Goal of the exercise: Begin with the line below holding "Bear appliqué Overalls" and go on through the line holding "Линейный (прямой) гарнитур", duplicating each line exactly and leaving out pictures.

Data records below:

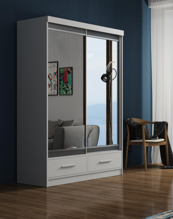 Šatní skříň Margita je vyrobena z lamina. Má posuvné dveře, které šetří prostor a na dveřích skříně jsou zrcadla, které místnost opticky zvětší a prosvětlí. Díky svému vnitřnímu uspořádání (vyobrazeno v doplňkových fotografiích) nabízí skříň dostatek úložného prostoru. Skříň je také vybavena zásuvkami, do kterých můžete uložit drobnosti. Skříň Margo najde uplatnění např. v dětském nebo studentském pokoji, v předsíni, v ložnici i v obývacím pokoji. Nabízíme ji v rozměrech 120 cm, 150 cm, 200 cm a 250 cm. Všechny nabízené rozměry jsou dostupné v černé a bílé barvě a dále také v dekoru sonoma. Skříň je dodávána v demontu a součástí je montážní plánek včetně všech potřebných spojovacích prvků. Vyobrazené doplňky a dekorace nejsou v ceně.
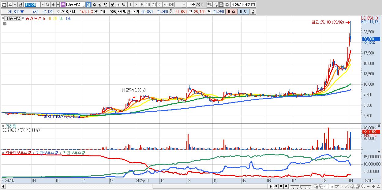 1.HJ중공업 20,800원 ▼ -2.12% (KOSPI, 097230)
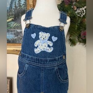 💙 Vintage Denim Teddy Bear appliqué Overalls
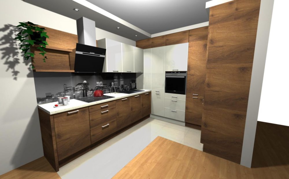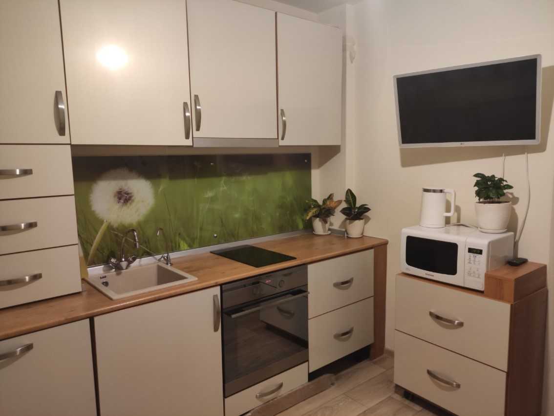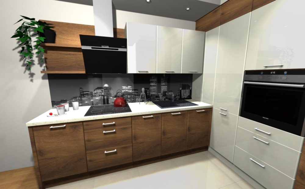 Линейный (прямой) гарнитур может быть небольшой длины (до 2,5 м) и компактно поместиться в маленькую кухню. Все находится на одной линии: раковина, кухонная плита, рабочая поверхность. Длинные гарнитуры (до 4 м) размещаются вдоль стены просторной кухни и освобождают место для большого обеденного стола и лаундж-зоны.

End of Data records.
Data records below:

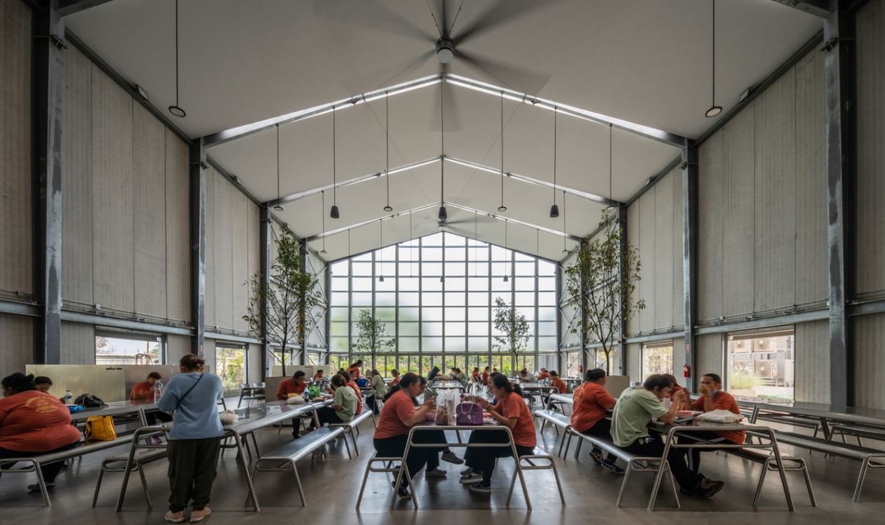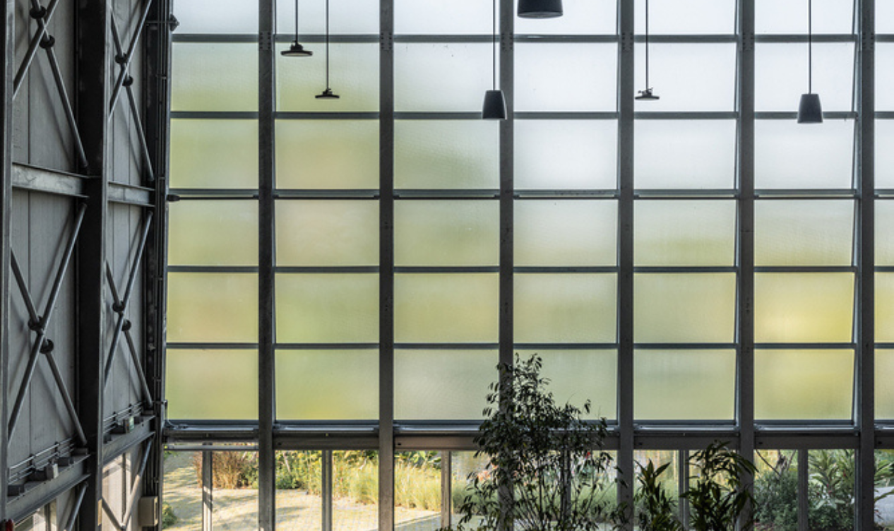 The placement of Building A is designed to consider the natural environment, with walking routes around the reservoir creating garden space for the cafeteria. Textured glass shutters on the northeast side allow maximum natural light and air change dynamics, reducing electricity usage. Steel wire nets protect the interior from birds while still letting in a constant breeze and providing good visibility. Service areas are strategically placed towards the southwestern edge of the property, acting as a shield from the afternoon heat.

End of Data records.

Result for this exercise:
 💙 Vintage Denim Teddy Bear appliqué Overalls
 Линейный (прямой) гарнитур может быть небольшой длины (до 2,5 м) и компактно поместиться в маленькую кухню. Все находится на одной линии: раковина, кухонная плита, рабочая поверхность. Длинные гарнитуры (до 4 м) размещаются вдоль стены просторной кухни и освобождают место для большого обеденного стола и лаундж-зоны.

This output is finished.